Re: [CODE4LIB] rdf serialization

2013-11-05 Thread Ed Summers
On Tue, Nov 5, 2013 at 10:07 AM, Karen Coyle  wrote:
> I have suggested (repeatedly) to LC on the BIBFRAME list that they should
> use turtle rather than RDF/XML in their examples -- because I suspect that
> they may be doing some "XML think" in the background. This seems to be the
> case because in some of the BIBFRAME documents the examples are in XML but
> not RDF/XML. I find this rather ... disappointing.

I think you'll find that many people and organizations are much more
familiar with xml and its data model than they are with rdf. Sometimes
when people with a strong background in xml come to rdf they naturally
want to keep thinking in terms of xml. This is possible up to a point,
but it eventually hampers understanding.

//Ed


Re: [CODE4LIB] rdf serialization

2013-11-05 Thread Aaron Rubinstein
FWIW, 

Here’s the W3C’s RDF Primer with examples in turtle instead of RDF/XML:
http://www.w3.org/2007/02/turtle/primer/

And the turtle spec:
http://www.w3.org/TR/turtle/

Aaron


On Nov 5, 2013, at 10:07 AM, Karen Coyle  wrote:

> On 11/5/13 6:45 AM, Ed Summers wrote:
>> I'm with Ross though:
> ... and Karen!
> 
>> I find it much to read rdf as turtle or json-ld than it is rdf/xml.
> 
> It's easier to read, but it's also easier to create *correctly*, and that, to 
> me, is the key point. Folks who are used to XML have a certain notion of data 
> organization in mind. Working with RDF in XML one tends to fall into the XML 
> data "think" rather than the RDF concepts.
> 
> I have suggested (repeatedly) to LC on the BIBFRAME list that they should use 
> turtle rather than RDF/XML in their examples -- because I suspect that they 
> may be doing some "XML think" in the background. This seems to be the case 
> because in some of the BIBFRAME documents the examples are in XML but not 
> RDF/XML. I find this rather ... disappointing.
> 
> I also find it useful to create "pseudo-code" triples using whatever notation 
> I find handy, as in the example I provided earlier for Eric. Writing out 
> actual valid triples is a pain, but seeing your data as triples is very 
> useful.
> 
> kc
> 
> -- 
> Karen Coyle
> kco...@kcoyle.net http://kcoyle.net
> m: 1-510-435-8234
> skype: kcoylenet


Re: [CODE4LIB] rdf serialization

2013-11-05 Thread Karen Coyle

On 11/5/13 6:45 AM, Ed Summers wrote:

I'm with Ross though:

... and Karen!


I find it much to read rdf as turtle or json-ld than it is rdf/xml.

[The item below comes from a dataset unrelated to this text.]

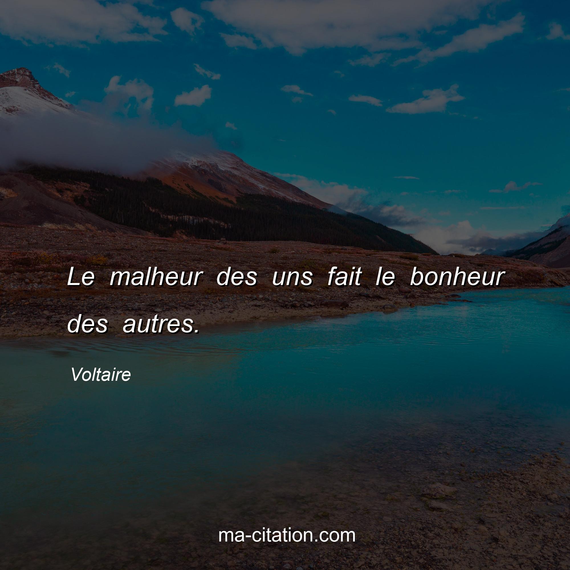 Citation sur la vie de Voltaire :Le malheur des uns fait le bonheur des autres.

It's easier to read, but it's also easier to create *correctly*, and 
that, to me, is the key point. Folks who are used to XML have a certain 
notion of data organization in mind. Working with RDF in XML one tends 
to fall into the XML data "think" rather than the RDF concepts.


I have suggested (repeatedly) to LC on the BIBFRAME list that they 
should use turtle rather than RDF/XML in their examples -- because I 
suspect that they may be doing some "XML think" in the background. This 
seems to be the case because in some of the BIBFRAME documents the 
examples are in XML but not RDF/XML. I find this rather ... disappointing.

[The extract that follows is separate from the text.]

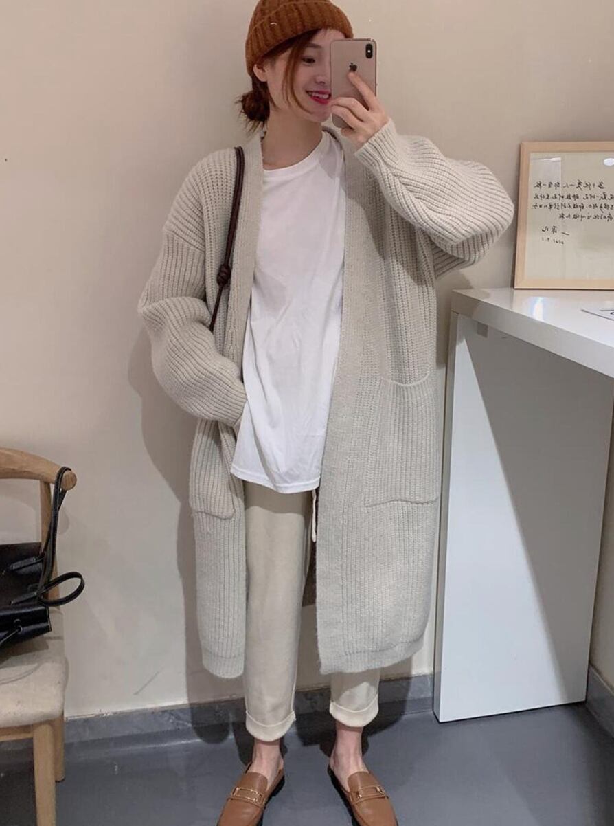 ゆるっと長めな丈感で体型カバーもばっちりなニットカーディガンです。

I also find it useful to create "pseudo-code" triples using whatever 
notation I find handy, as in the example I provided earlier for Eric. 
Writing out actual valid triples is a pain, but seeing your data as 
triples is very useful.


kc

--
Karen Coyle
kco...@kcoyle.net http://kcoyle.net
m: 1-510-435-8234
skype: kcoylenet


Re: [CODE4LIB] rdf serialization

2013-11-05 Thread Ed Summers
On Sun, Nov 3, 2013 at 3:45 PM, Eric Lease Morgan  wrote:
> This is hard. The Semantic Web (and RDF) attempt at codifying knowledge using 
> a strict syntax, specifically a strict syntax of triples. It is very 
> difficult for humans to articulate knowledge, let alone codifying it. How 
> realistic is the idea of the Semantic Web? I wonder this not because I don’t 
> think the technology can handle the problem. I say this because I think 
> people can’t (or have great difficulty) succinctly articulating knowledge. Or 
> maybe knowledge does not fit into triples?

I think you're right Eric. I don't think knowledge can be encoded
completely in triples, any more than it can be encoded completely in
finding aids or books.

One thing that I (naively) wasn't fully aware of when I started
dabbling the Semantic Web and Linked Data is how much the technology
is entangled with debates about the philosophy of language. These
debates play out in a variety of ways, but most notably in
disagreements about the nature of a resource (httpRange-14) in Web
Architecture. Shameless plug: Dorothea Salo and I tried to write about
how some of this impacts the domain of the library/archive [1].

One of the strengths of RDF is its notion of a data model that is
behind the various serializations (xml, ntriples, json, n3, turtle,
etc). I'm with Ross though: I find it much to read rdf as turtle or
json-ld than it is rdf/xml.

//Ed

[1] http://arxiv.org/abs/1302.4591


Re: [CODE4LIB] rdf serialization

2013-11-04 Thread Alexander Johannesen
Hiya,

On Tue, Nov 5, 2013 at 1:59 AM, Karen Coyle  wrote:
> Eric, I really don't see how RDF or linked data is any more difficult to
> grasp than a database design

Well, there's at least one thing which makes people tilt; the flexible
structures for semantics (or, ontologies) in where things aren't as
solid as in a data model. A framework where there are endless options
(on the surface of it) for relationships between things is daunting to
people who come from a world where the options are cast in iron.
There's also a shift away from thing's identities being tied down in a
model somewhere into a world where identities are a bit more, hmm,
flexible? And less rigid? That can make some people cringe, as well.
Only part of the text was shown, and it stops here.